We were always in the jungle. I didn't have a
tent or hooch to sleep in. We became part of the jungle. I never got to see Bob
Hope. We had to have our pants tucked into our boots because the leeches would
get on you. We'd hump with temperatures over 100 degrees. Our shirts would turn
white from the salt.
High school
classmate Bettie Erhardt a posted a photo of her dad in a WW II military
uniform for Veterans Day. John Jacobsen’s
son Chris displayed one of John (above) during the 1960s, when he served in Germany.
Dave had the day
off, so Tom Wade came over with a dish of Darcey’s wondrous potato salad, and I
won one of four board games before attending an IUN Veterans Day Soup and
Substance program featuring four military recruiters. They stressed noncombat jobs available, such
as plumber, electrician, and cook, as well as opportunities for free college
education. The spiel reminded me of
Patrick O’Donnell telling Jeff Manes that he’d been told he’d probably be
stationed in Germany but ended up in “a
hellhole [where] there was death, destruction and mayhem.” A young woman officer was the most effective,
outlining the need and opportunities for nurses.
In our condo
courtyard I spotted a decal on a visitors’ car that from a distance looked like
a Playboy bunny. It turned out to be the Little Mermaid, and
under it was the slogan, “Be a Nurse.”
proposed detention site; NWI Times photo by Ed Bierschent
Mayor Karen Freeman-Wilson
has reversed her position and now opposes an immigrant detention center in Gary
across from the Gary airport. Her statement read in part:
While it is
my experience as an advocate for civil and human rights, my long history as a
proponent of criminal justice reform, or even a staunch supporter of President
(Barack) Obama's immigration reform policy, I could not align my record with my
support of this project.”
In Mark Halperin and
John Heilemann’s “Double Down: Game Change 2012” the authors mention that
Donald Trump was flirting with running for President four years ago, questioning
where Obama was born until the President produced a Hawaii birth
certificate. With Trump in attendance at
the 2011 White House Correspondents’ Association Dinner, Obama quipped that the
Donald “can finally get back to focusing
on the issues that matter. Like, did we
fake the moon landing? What really
happened at Roswell? And where are
Biggie and Tupac?” Then, taking aim
at Trump’s reality TV show “Celebrity Apprentice,” the President joked:
The
men’s cooking team did not impress the judges from Omaha Steaks, and there was
a lot of blame to go around. But you,
Mr. Trump, recognized that the real problem was a lack of leadership. And so, ultimately, you didn’t blame Lil John
or Meat Loaf. You fired Gary Busey. And these are the kinds of decisions that
would keep me up at night. Well handled,
sir. Well handled.
Originally a blackjack
phrase, “Double down” in politics means to become even more resolute in one’s
stance or decision. The popularity of
Texas Hold ´em has given rise to a similar expression, “all in.” While details of the 2012 election are familiar, “Double
Down” contains juicy anecdotes and telling quotes, such as this 2013
Presidential witticism at Trinity College in Dublin, Ireland: “My name is Barack Obama of the Moneygall
O’Bamas. And I’ve come home to find the
apostrophe that we lost somewhere along the way.”

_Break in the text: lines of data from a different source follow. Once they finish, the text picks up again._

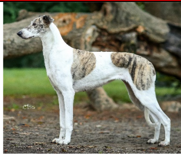
magyar agár lätt rektangulär, kraftfull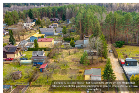
Sklypas su vaizdu į mišką – kur kasdienybė tampa poilsu. Mūsų kitoje žaliuojančioje aplinkoje, paukščių čiužėjimui ir gamtos kvapams tiesiai už savo namų durų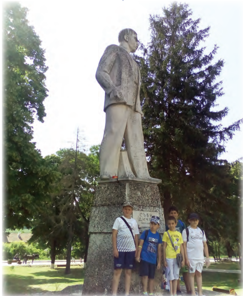
На героите - поклон!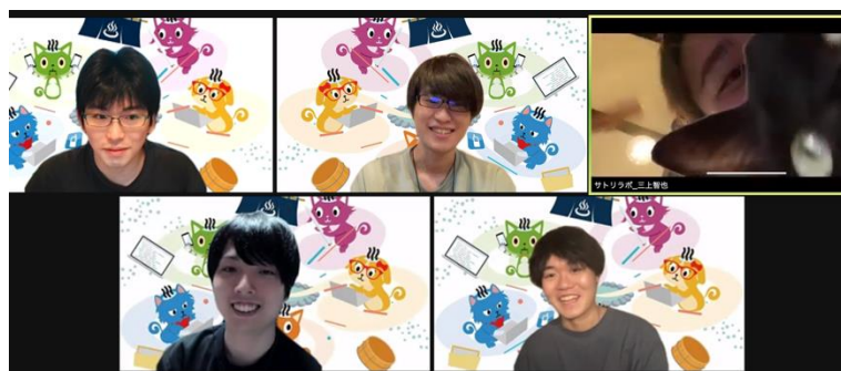
最優秀賞チーム「サトリラボ」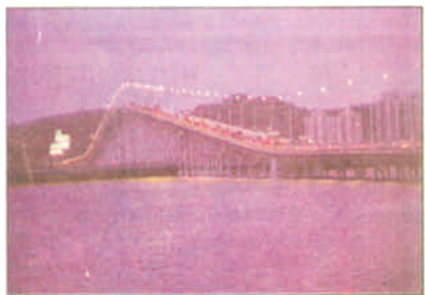
澳凼大桥——连接澳门半岛和凼仔岛的跨海大桥。它宛如长虹卧波，雄伟又不失秀气。大桥1974年10月建成，高35米，全长2569.8米，堪称当时世界上最长的连续桥。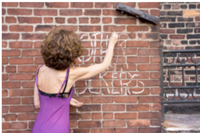
© Rita Barros, Displacement 2 , Motherfuckers #7

Inaugurou na passada sexta feira a exposição Displacement 2 , de Rita Barros, na Loja da Atalaia Apolónia, Lisboa. Ficando patente ao público até 15 de abril próximo, é uma exposição que surge para observar a irreverência da fotógrafa, no contexto da sua história de vida em Nova Iorque. Recordando que Barros vive, desde 1984, no Chelsea Hotel em Nova Iorque, espaço indissociável da cena underground nova-iorquina desde as décadas de sessenta e setenta.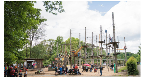
Kletterpark Bielefeld3.jpg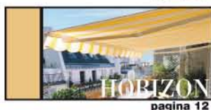
URBAN DESIGN pagina 12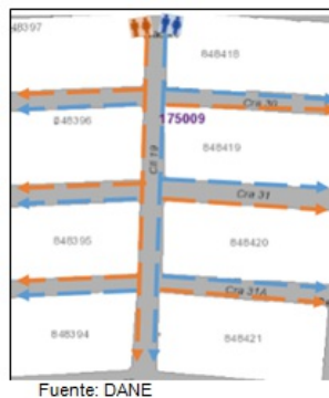
Figura 2. Distribución del personal de recolección

3. Si el recorrido se hace por las carreras, para las calles que cruzan dichas carreras (vías perpendiculares) se puede hacer un barrido visual siempre y cuando no haya obstáculos que impidan la visualización completa. Lo mismo aplica si el recorrido se hace por las calles y son las carreras las vías perpendiculares que cruzan las calles.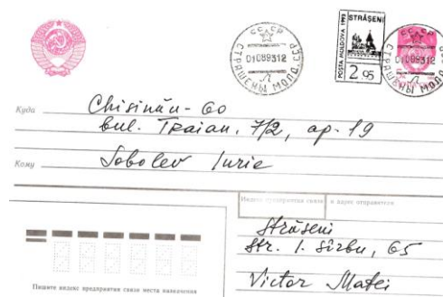
Entier postal soviétique 5 kop. (1990) affranchi avec le cachet timbre-poste POȘTA MOLDOVA 1993 STRĂȘENI 2.95, expédié le 01.08.1993, dernier jour d’emploi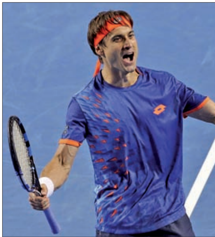
David Ferrer fue eliminado por Andy Murray

La otra cara de la moneda ha sido para nombres como los de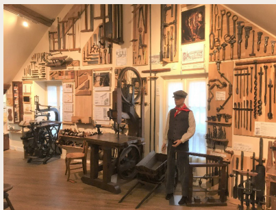
Le Musée de l'outil

Obama in Moneygall, Ireland
Having inherited
Bush’s never-ending War on Terrorism, Obama has been dragged into the Mideast
cauldron more than I’d hoped, but I shudder to think what a Republican
president would have done. I echo the
sentiments of Civil War veteran and jurist Oliver Wendell Holmes, who as a
young lieutenant sustained injuries at Antietam and almost died of dysentery at
Chancellorsville:
Lord, bid war’s trumpet cease;
Fold the whole earth in peace.
Oliver Wendell Holmes as jurist and Union soldier
After the first
place Hot Shots slaughtered the Engineers in game one, the next two came down to the
whether our final bowler, Frank Shufran, could mark. The first time he did, but in the final game
he left the 2-4-5 and his second ball seemed perfect but he 5-pin remained
standing. Opponent Dave Czapla rolled a
697 series.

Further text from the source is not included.